= Eco League =

The EcoLeague is a five-college consortium consisting of Alaska Pacific University in Anchorage, Alaska; New College of Florida in Sarasota, Florida; Prescott College in Prescott, Arizona; College of the Atlantic in Bar Harbor, Maine; and Dickinson College in Carlisle, Pennsylvania.

==Programs==
The EcoLeague offers studies in ecology, conservation biology, marine biology, and natural and cultural history interpretation, sustainable business.

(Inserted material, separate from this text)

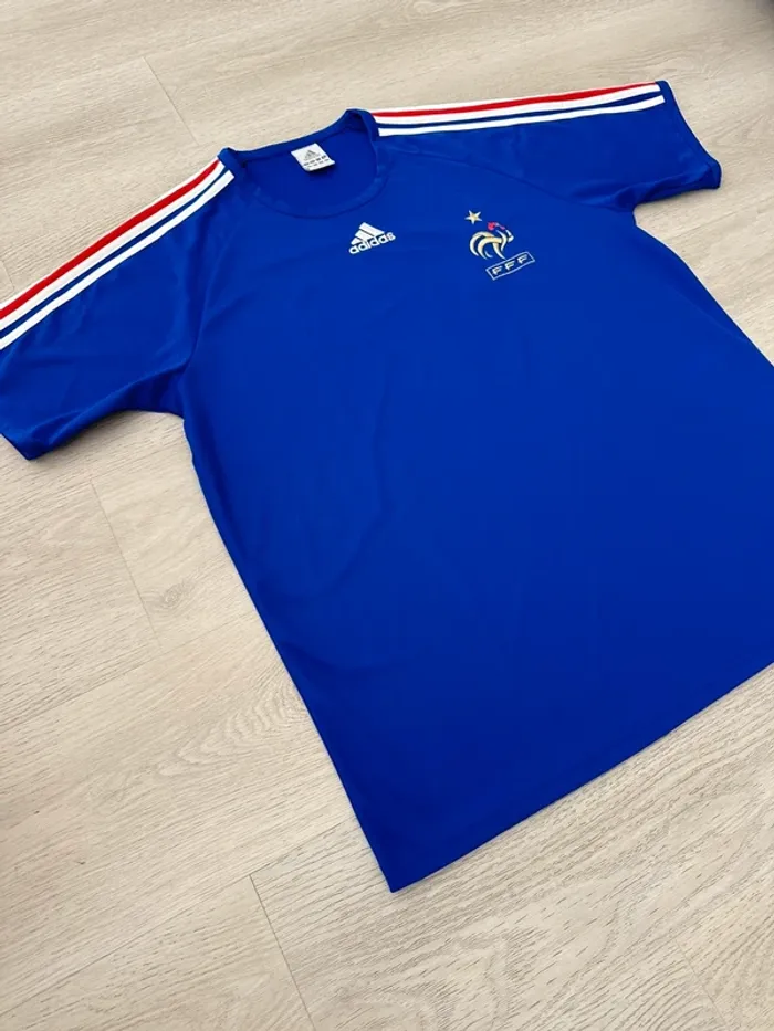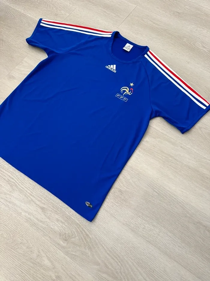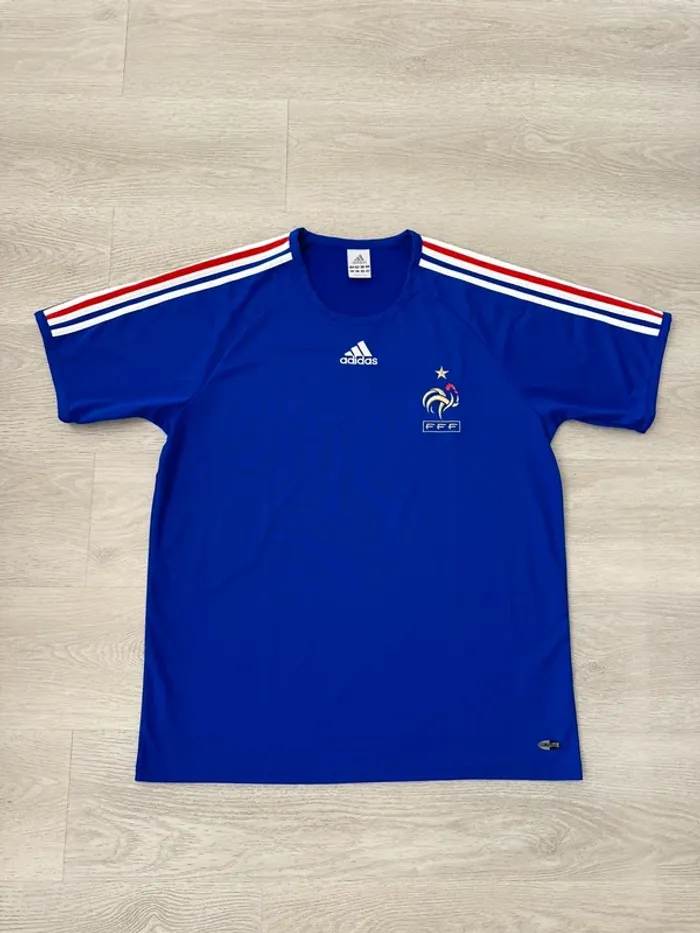 T-shirt équipe de France football 2007 | 2008 Foot paris sport soccer JO vintage collection Haut Taille L Épaules 48 cm Largeur 56 cm Longueur 73 cm Bon état, petit accroc voir dernière photo Zidane jeux champions league

The consortium is unique in that each college is in a different geographic area. Despite a wide variation in structure and culture, the five colleges have strong programs in environmental studies. The idea behind the consortium is the ability to experience learning in virtually every major biome of the United States, based on their mission of promoting a "bio-regional education for sustainability".

==History==
The EcoLeague was founded as a result of a visionary call from students with a proposal improve academic collaboration and mobility related to urgent issues of global sustainability. The consortium design, including student and faculty exchange program and regular cross-college conferences, was first founded by students at Prescott College who articulated the original vision in 1996 and convened colleges under the consortium as the North American Alliance for Green Education (NAAGE), and later rebranded as “the Eco-8” and then "the Eco League". These institutions included Northland College in Ashland, Wisconsin; Prescott College in Prescott, Arizona; College of the Atlantic in Bar Harbor, Maine; and a later addition was Dickinson College in Carlisle, Pennsylvania. Former consortium members included Antioch College, Green Mountain College, Naropa University, Northland College, Sterling College, Unity College and Warren Wilson College, and Audubon Expedition Institute.